WHAT IS REQUIRED:
In the data, find the word "ستريشكو" and copy out every line that has it.

(Excerpts from a dataset)
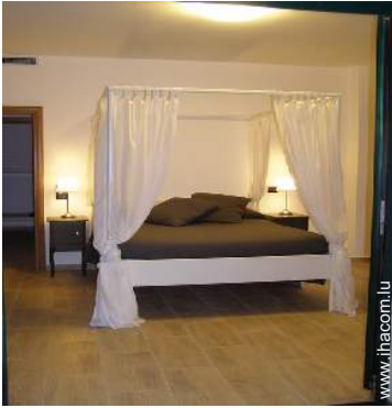
lit(s) double(s) à baldaquin
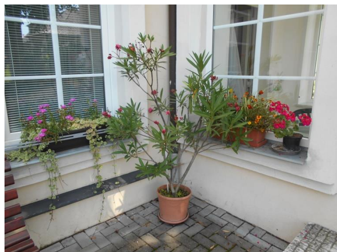
Domov pro seniory - květinová výzdoba
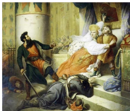
Рис. 3. К. Штейбен. «Пётр Великий, спасаемый матерью от ярости стрельцов». 1830 г. [Там же]
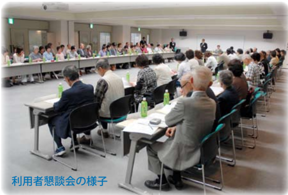
利用者懇談会の様子

(15)が福島県内で開催されます。これに合わせ、2月に開催している生涯学習フェスティバルを、この期間に同時開催することになりました。プラザのフェスティバル
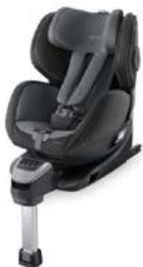
Carbon Black 6300.21502.66
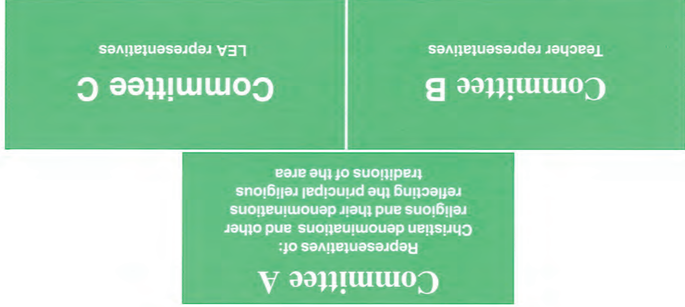
Each of these committees has equal voting rights (one vote per committee).
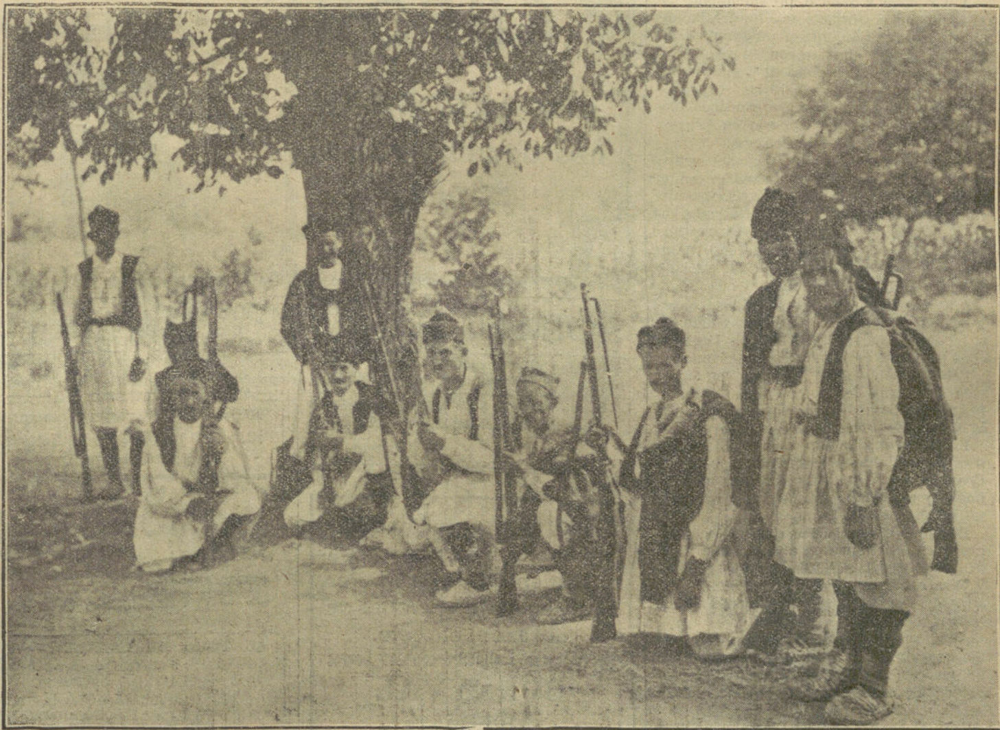
LA GUERRA EN LOS BALKANES.—Voluntarios se reúnen en la frontera

Empeño inútil, pues la atropellada había quedado en tal forma metida entre los rieles, que para lograrlo se hacía preciso la intervención de los empleados de la Compañía tranviaria.
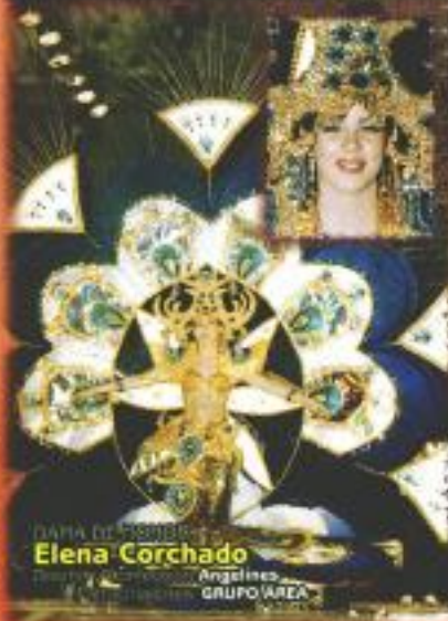
DAMA DE PASADORA Elena Corchado Diseño y confección: Angelines Patrocinadores: GRUPO AREA
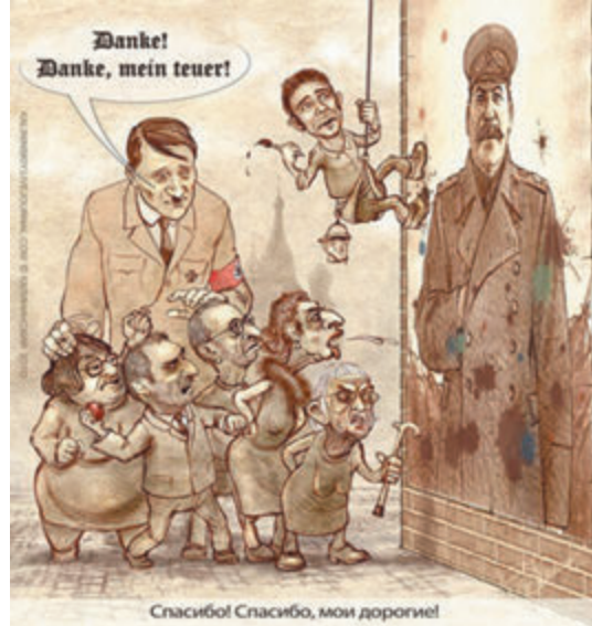
Спасибо! Спасибо, мой дорогой!

Отвечая на все «обвинения» либералов, которые можно было бы и не замечать, если бы не их оголтелая антисоветская пропаганда, несущая в своем ядре главную цель – русофобию и уничтожение исторической России со всеми народами ее населяющими, то стоит уделить некоторое внимание той лжи, что распространяют члены секты «Свидетели
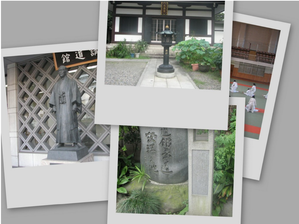
Le Kodokan du Maître Jigoro Kano à Tokyo

Le Maître Jigoro Kano a étudié et pratiqué plusieurs styles avec de grands experts de son temps mais à cause du décès plus ou moins hâtif de ces derniers, n'avait pas reçu tous les diplômes d'expertise dans ces styles et comme le voulait la tradition, ne pensait pas à propager sans autorisation, un style en particulier. Il voyait dans la pratique des arts martiaux plus qu'une technique ou un style particulier de combat et c'est peut-être ce qui le conduisit à nommer son institution Kodokan judo , à titre d'institution de haut lieu afin d'y refléter sa synthèse et son concept du développement moral.
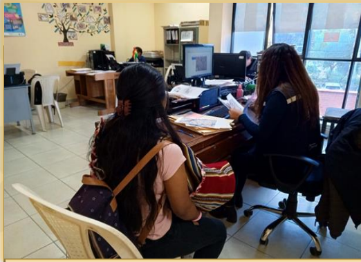
ATENCION DE DENUNCIAS
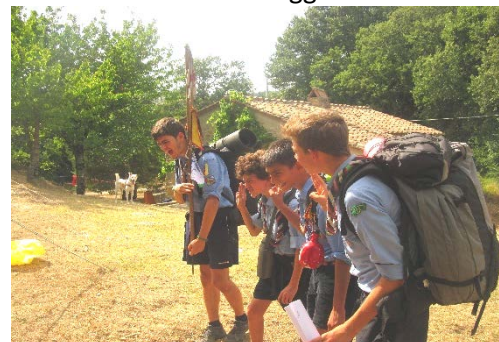
Santa Maria a Poggi' Lazzaro

Proprio per questo, il Gruppo sente il dovere di ringraziare la Fondazione Cassa di Risparmio di Volterra per aver contribuito a questo importante progetto. - (Agesci – Gruppo Scout Alta Val di Cecina 1) don Secondo
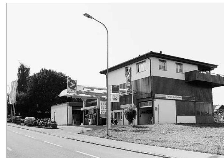
Als unabhängiger Betrieb kann die Garage Koller an der St.Gallerstrasse 20 in Freidorf dank der Zusammenarbeit mit «le Garage» alles bieten, was die Kundschaft von einer modernen Garage erwartet.

32 Jahre lang war die Garage Koller in Freidorf Renault-Vertreterin, doch nun wagt der alteingesessene Familienbetrieb einen Neuanfang mit dem markenunabhängigen Garagekonzept «le Garage».
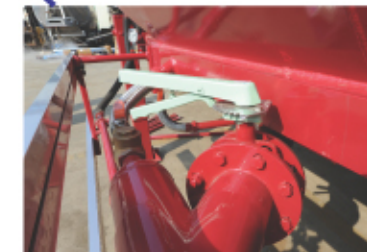
버터플라이 밸브/ Buterfly Valve
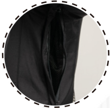
VENTILACIÓN CON CIERRE Y MESH
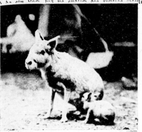
Familienfreuden bei Maras.
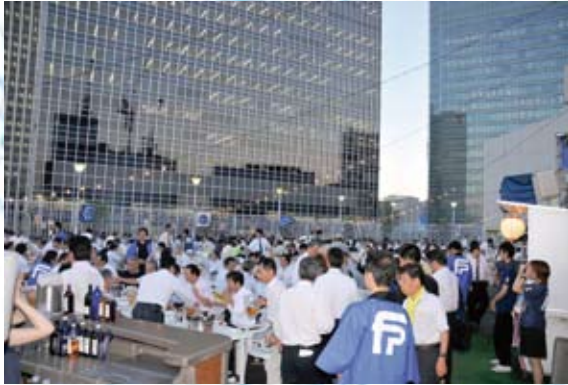
沢山の参加者で会場は熱気にあふれる。
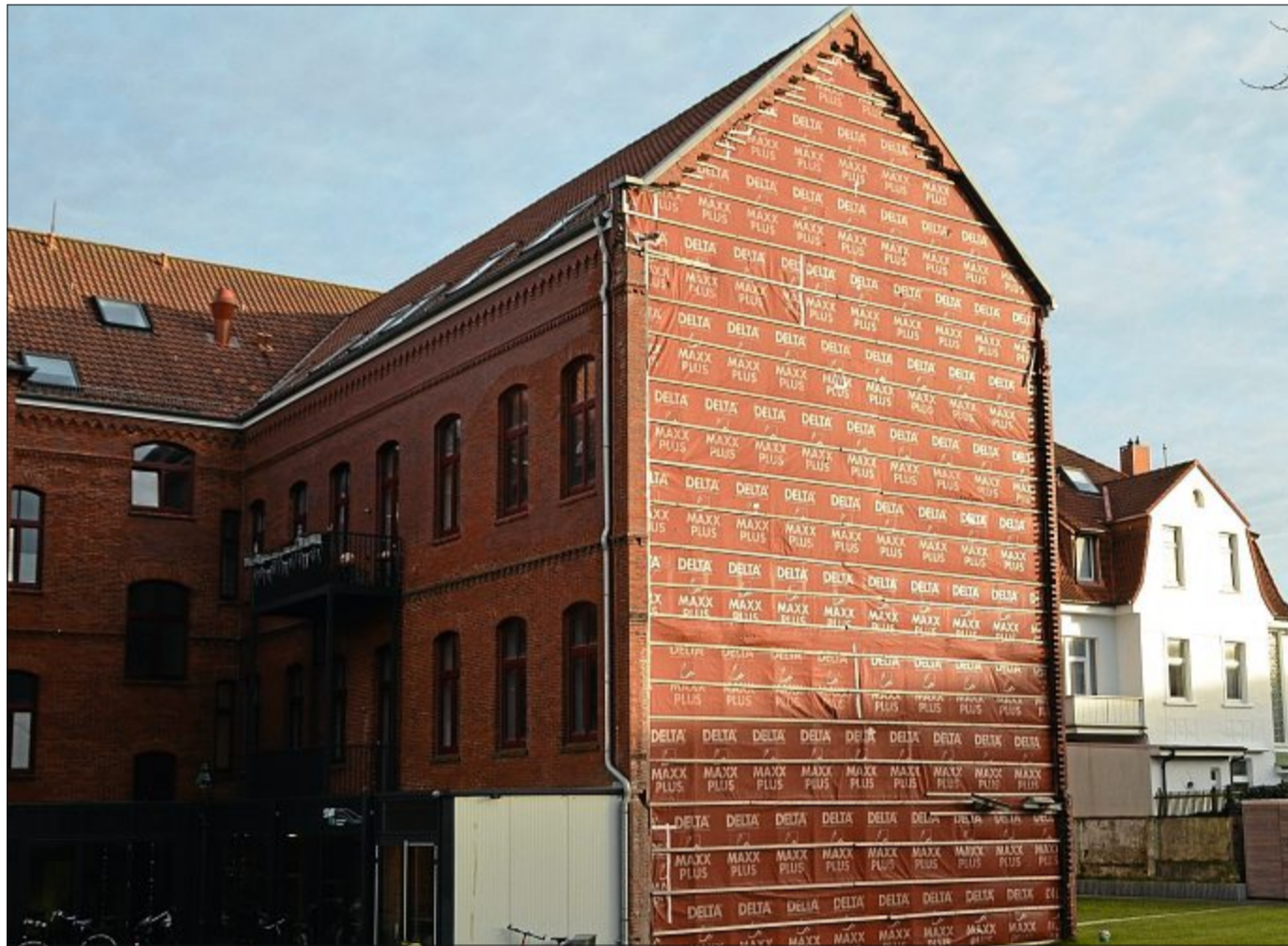
Zurzeit Thema öffentlicher Diskussionen: die Weiterentwicklung der Marienresidenz in der Georgstraße. Hier wäre Platz für 27 neue Pflegeplätze.

fung weiterer Pflegeplätze in der Marienresidenz hatte seinerzeit allerdings noch nicht das neue Seniorenzentrum „To Huus“ berücksichtigt, dessen Planung sich erst im zweiten Halbjahr 2016 entwickelt hatte. Grundsätzlich sollte vielmehr ein Pendant zur damals noch äußerst desolaten und nicht zukunftsfähigen Situation des Altenheimes in der Mühlenstraße geschaffen werden.
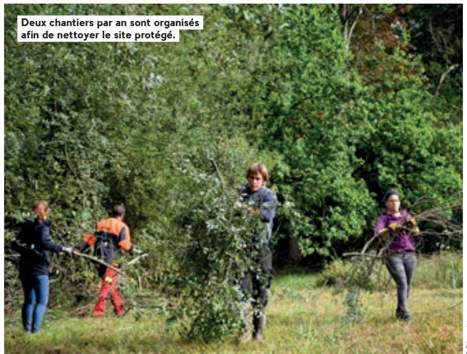
Deux chantiers par an sont organisés afin de nettoyer le site protégé.

L'Espace européen de l'entreprise, à Schiltigheim, n'est désormais plus une zone d'aménagement concertée (ZAC). L'aménagement de cet espace, qui a débuté en 1991, est achevé. La taxe d'aménagement (anciennement taxe locale d'équipement) sera par conséquent réinstaurée. L'Espace accueille aujourd'hui plus de 550 entreprises, près de 11 000 salariés, mais également des institutions comme la Chambre des métiers d'Alsace ou l'École européenne de chimie.
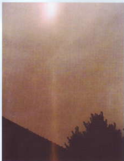
Una croce di luce ripresa di recente sul luogo delle apparizioni.

corse sul luogo delle apparizioni. Si manifesterà nel 1953 e nel 1959 e periodi successivi.
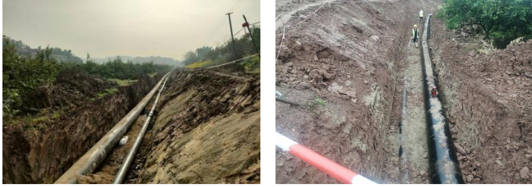
图1-10 取水管线工程区现状
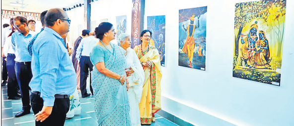
रिद्धिमा में कला प्रदर्शनी का अवलोकन करते लोग।
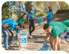
2. Erronka GIZARTE- ERAIKUNTZA

Gazteak gizartea eraldatzeko eta eraikitzeko prozesuaren katalizatzaile bihurtzea.
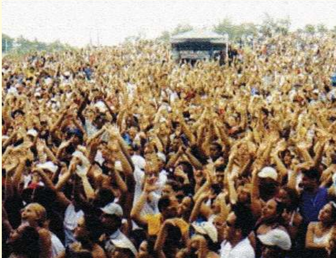
Hay que avanzar hacia una plataforma programática del movimiento social, concreta y clara, para iluminar y conducir las luchas que están por llegar.

Los órganos tripartitos del Estado y de organismos internacionales, de conquista de los trabajadores, han devenido en frustración. Los trabajadores no tienen ningún control sobre sus representantes. Estos se representan a sí mismos. La representación sindical en los órganos tripartitos ha venido a ser oportunidad para la cor-
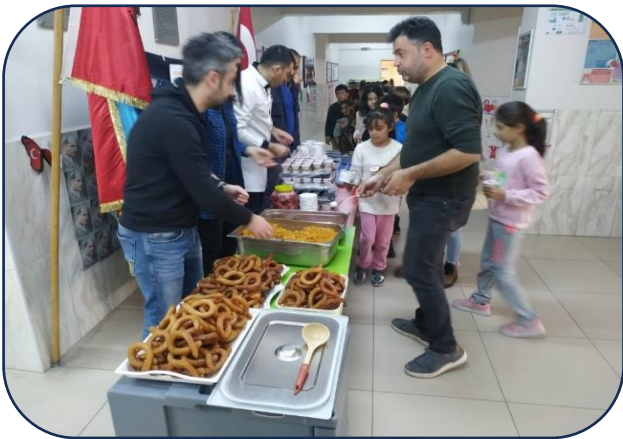
Geleneksel Pilav Etkinliği
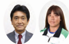
東京オリンピック 日本選手団 団長 福井 烈氏

マリングートもじから関門海峡ミュージアムイベント広場までの約600mの記念ランを行います。ゲストランナーとして、門司出身で東京オリンピック日本選手団団長を務めたプロテニスプレイヤーの福井 烈氏、東京パラリンピックでパラアーチェリー日本代表の重定 知佳選手も参加します！
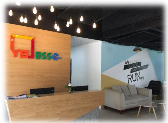
안내데스크 및 휴게소
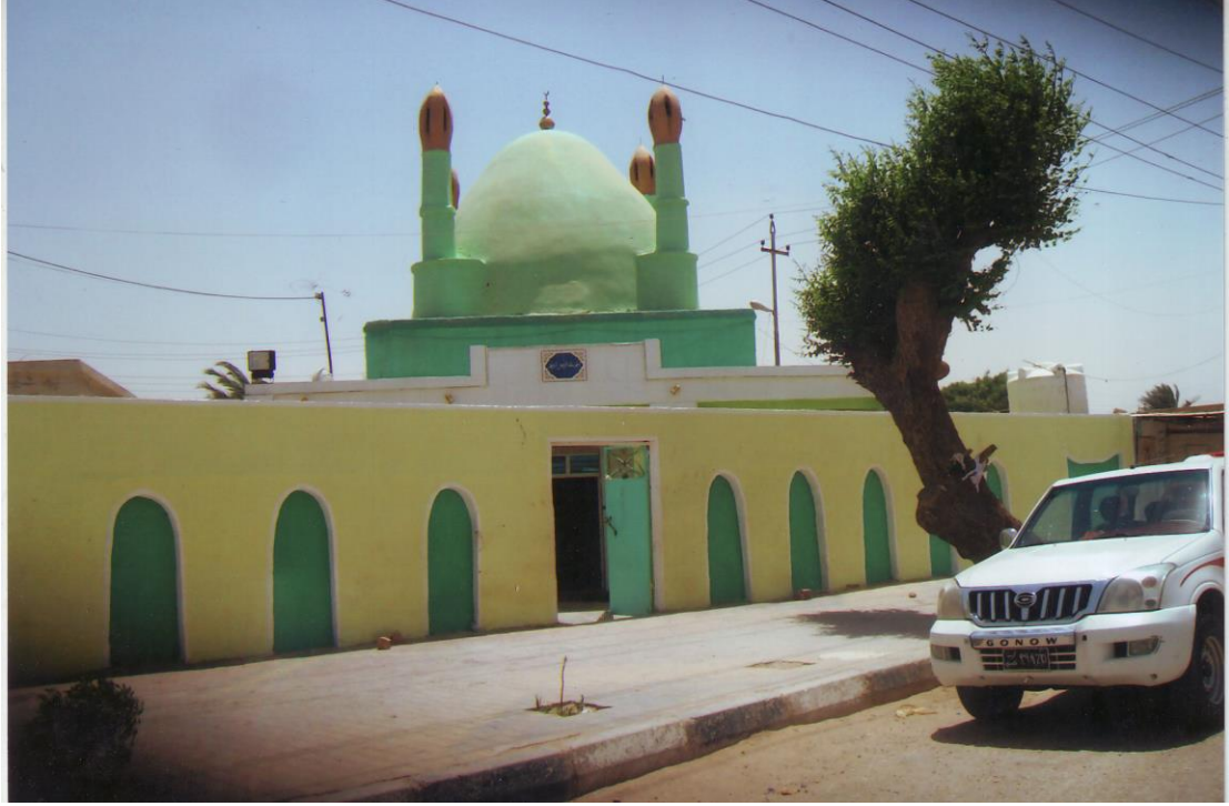
مرقد السيد دخيل الموسوي في الناحية
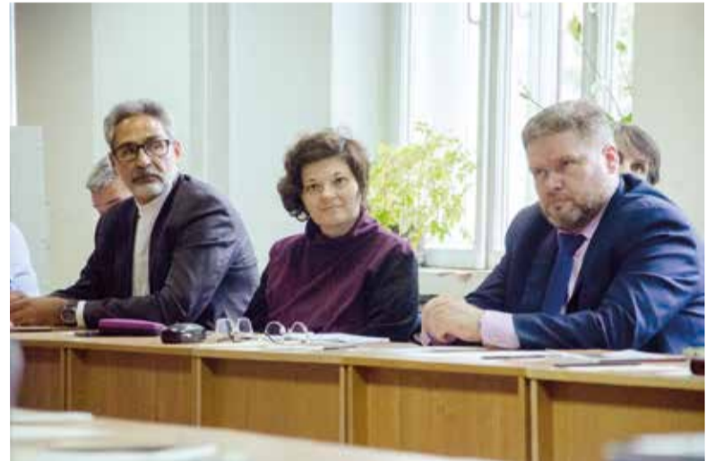
Гости круглого стола
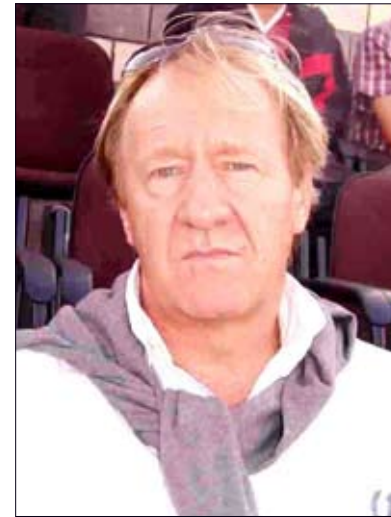
المدرب الكرواتي يوري ستريشكو

وأكد ستريشكو أن اتحاد كرة القدم لم ينفذ برنامج الإعداد الذي قدمه، وأنه لم يتمكن من العمل وفق أي برنامج قام بإعداده. وقال "الاتحاد لم يعمل على تنفيذ برامجي بالشكل المطلوب والمستوى المأمول وأجريت تعديلات كثيرة على البرامج والغيت أخرى وعدلت كثيراً مع المباريات الودية".

ANSWER:
المدرب الكرواتي يوري ستريشكو
وأكد ستريشكو أن اتحاد كرة القدم لم ينفذ برنامج الإعداد الذي قدمه، وأنه لم يتمكن من العمل وفق أي برنامج قام بإعداده. وقال "الاتحاد لم يعمل على تنفيذ برامجي بالشكل المطلوب والمستوى المأمول وأجريت تعديلات كثيرة على البرامج والغيت أخرى وعدلت كثيراً مع المباريات الودية".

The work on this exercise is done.